### Requirement
From the line containing "Ảnh: Chí Linh |" to the line containing "A foot grinder" in the entries below, reproduce every line exactly, ends included. Nothing else belongs in the copy, and no pictures.

### Extracted entries
------------------------------------------------

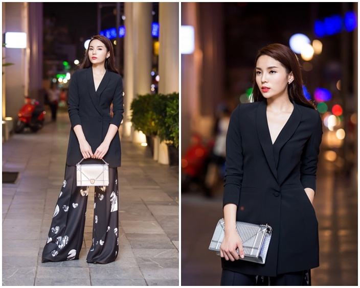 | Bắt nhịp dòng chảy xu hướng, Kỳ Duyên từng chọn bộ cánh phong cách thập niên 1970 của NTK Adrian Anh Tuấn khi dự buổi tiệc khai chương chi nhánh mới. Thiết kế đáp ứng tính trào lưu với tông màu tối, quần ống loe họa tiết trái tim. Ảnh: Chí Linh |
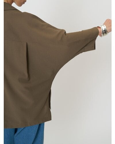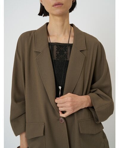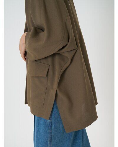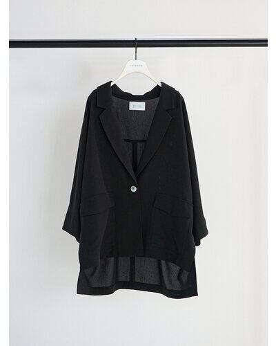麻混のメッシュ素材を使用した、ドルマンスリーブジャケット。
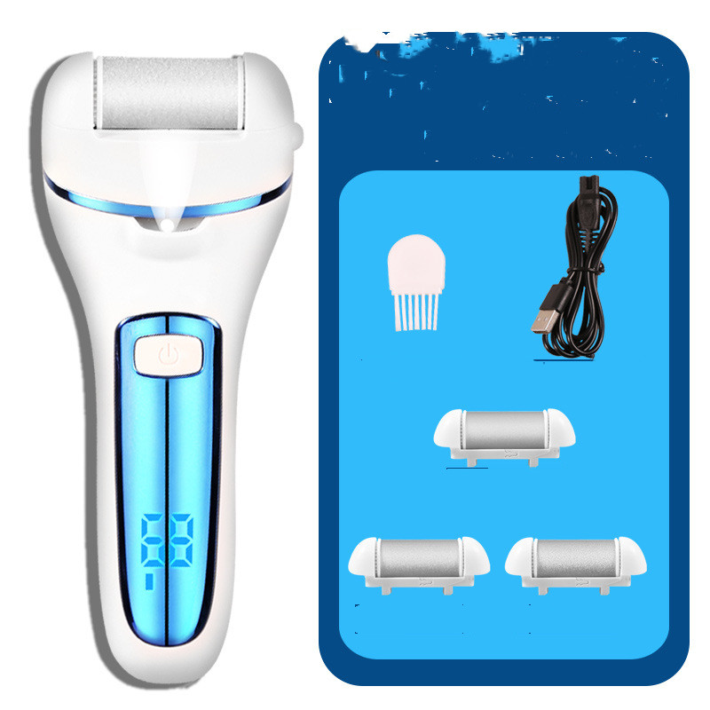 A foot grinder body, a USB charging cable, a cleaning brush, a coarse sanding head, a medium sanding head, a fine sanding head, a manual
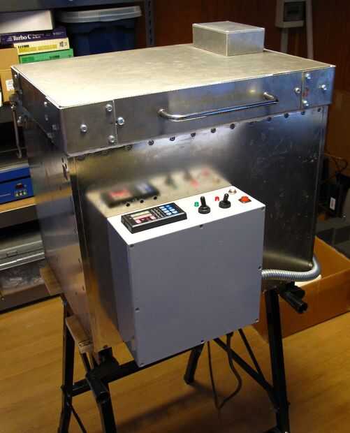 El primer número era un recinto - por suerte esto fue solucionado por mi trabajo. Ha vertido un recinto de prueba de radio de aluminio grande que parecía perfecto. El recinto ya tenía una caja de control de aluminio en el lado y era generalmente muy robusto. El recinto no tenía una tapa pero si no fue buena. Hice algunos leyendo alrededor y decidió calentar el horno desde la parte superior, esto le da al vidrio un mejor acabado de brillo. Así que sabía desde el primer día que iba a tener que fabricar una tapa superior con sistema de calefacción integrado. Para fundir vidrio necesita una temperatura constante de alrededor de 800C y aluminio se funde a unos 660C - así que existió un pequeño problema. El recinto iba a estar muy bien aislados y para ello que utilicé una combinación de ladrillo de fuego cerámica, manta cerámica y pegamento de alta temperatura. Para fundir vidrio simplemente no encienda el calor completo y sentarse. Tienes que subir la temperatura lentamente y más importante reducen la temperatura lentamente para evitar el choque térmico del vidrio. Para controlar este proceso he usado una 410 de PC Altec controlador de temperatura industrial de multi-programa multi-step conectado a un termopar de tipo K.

------------------------------------------------

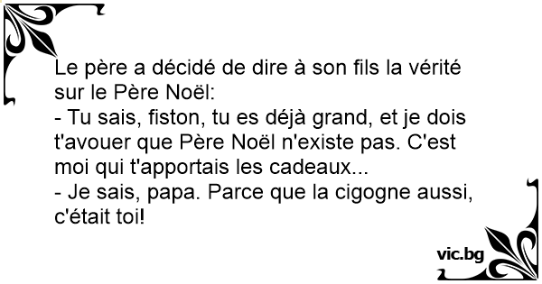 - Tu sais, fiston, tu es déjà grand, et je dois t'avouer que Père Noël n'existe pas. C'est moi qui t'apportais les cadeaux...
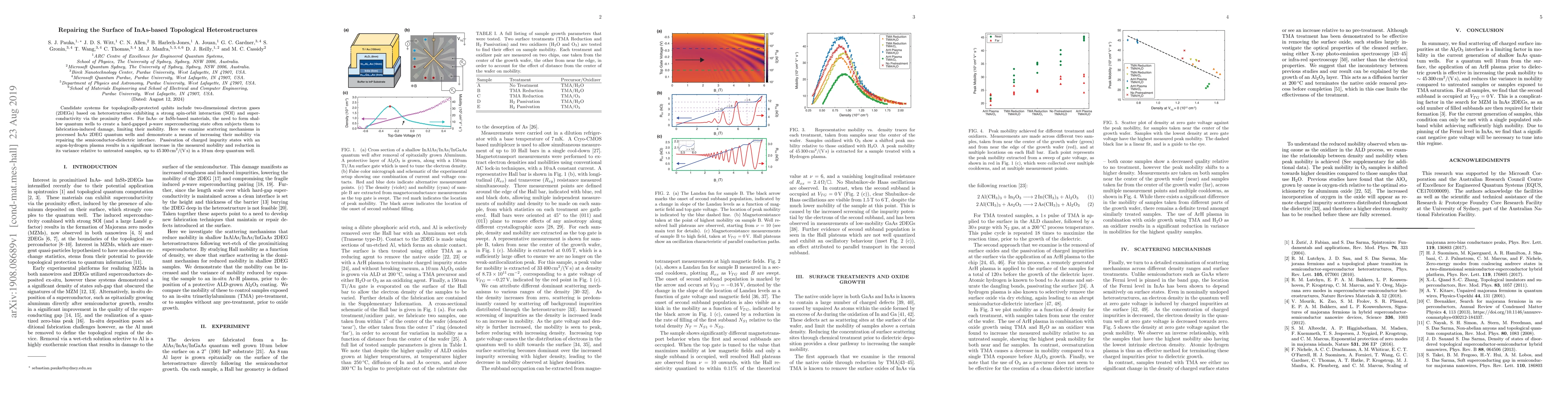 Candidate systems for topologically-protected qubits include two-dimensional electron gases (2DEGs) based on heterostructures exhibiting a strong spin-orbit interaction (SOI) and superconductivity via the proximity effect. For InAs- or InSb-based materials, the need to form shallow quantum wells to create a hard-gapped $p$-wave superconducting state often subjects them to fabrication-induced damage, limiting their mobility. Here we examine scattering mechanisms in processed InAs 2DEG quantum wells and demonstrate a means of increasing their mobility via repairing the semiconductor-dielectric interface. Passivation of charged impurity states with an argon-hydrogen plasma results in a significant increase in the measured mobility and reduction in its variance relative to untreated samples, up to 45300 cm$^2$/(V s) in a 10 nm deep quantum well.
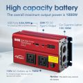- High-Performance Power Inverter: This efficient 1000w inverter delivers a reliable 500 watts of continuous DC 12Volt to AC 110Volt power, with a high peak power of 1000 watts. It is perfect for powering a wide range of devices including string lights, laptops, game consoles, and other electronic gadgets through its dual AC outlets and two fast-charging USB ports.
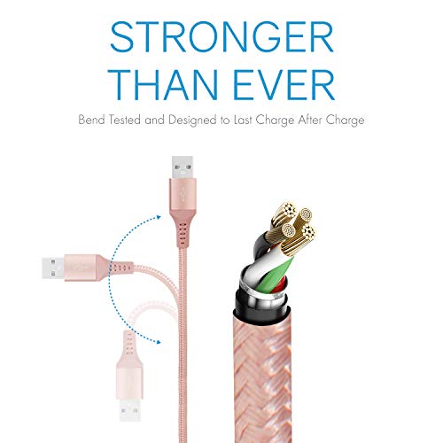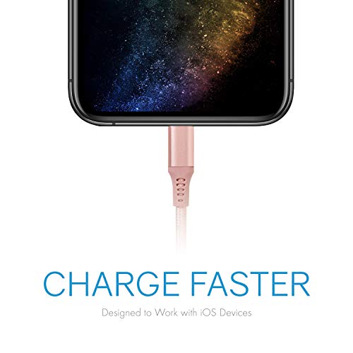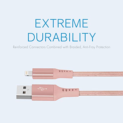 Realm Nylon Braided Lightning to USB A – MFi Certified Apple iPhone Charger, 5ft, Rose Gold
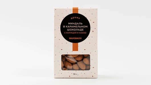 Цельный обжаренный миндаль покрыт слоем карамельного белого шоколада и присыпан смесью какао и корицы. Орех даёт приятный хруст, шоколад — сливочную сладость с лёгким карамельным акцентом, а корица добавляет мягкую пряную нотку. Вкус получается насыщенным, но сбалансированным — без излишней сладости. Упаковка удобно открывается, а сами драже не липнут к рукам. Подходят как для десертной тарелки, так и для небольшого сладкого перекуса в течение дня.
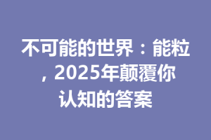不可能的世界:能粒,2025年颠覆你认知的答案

------------------------------------------------

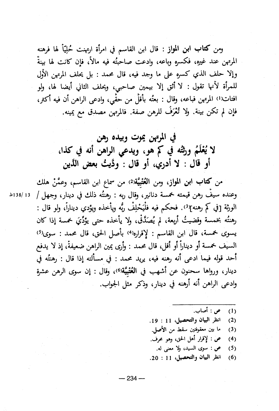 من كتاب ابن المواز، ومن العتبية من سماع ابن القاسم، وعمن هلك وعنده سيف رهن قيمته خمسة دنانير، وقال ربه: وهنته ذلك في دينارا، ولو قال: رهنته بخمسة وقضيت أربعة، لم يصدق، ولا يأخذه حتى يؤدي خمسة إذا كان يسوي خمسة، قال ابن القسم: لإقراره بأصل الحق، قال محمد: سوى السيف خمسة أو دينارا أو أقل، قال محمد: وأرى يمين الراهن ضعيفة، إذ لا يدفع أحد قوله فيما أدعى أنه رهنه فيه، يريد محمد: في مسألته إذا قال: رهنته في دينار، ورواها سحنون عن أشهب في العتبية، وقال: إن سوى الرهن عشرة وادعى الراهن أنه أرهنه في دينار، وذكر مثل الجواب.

------------------------------------------------

### Answer to this exercise
 | Bắt nhịp dòng chảy xu hướng, Kỳ Duyên từng chọn bộ cánh phong cách thập niên 1970 của NTK Adrian Anh Tuấn khi dự buổi tiệc khai chương chi nhánh mới. Thiết kế đáp ứng tính trào lưu với tông màu tối, quần ống loe họa tiết trái tim. Ảnh: Chí Linh |
麻混のメッシュ素材を使用した、ドルマンスリーブジャケット。
 A foot grinder body, a USB charging cable, a cleaning brush, a coarse sanding head, a medium sanding head, a fine sanding head, a manual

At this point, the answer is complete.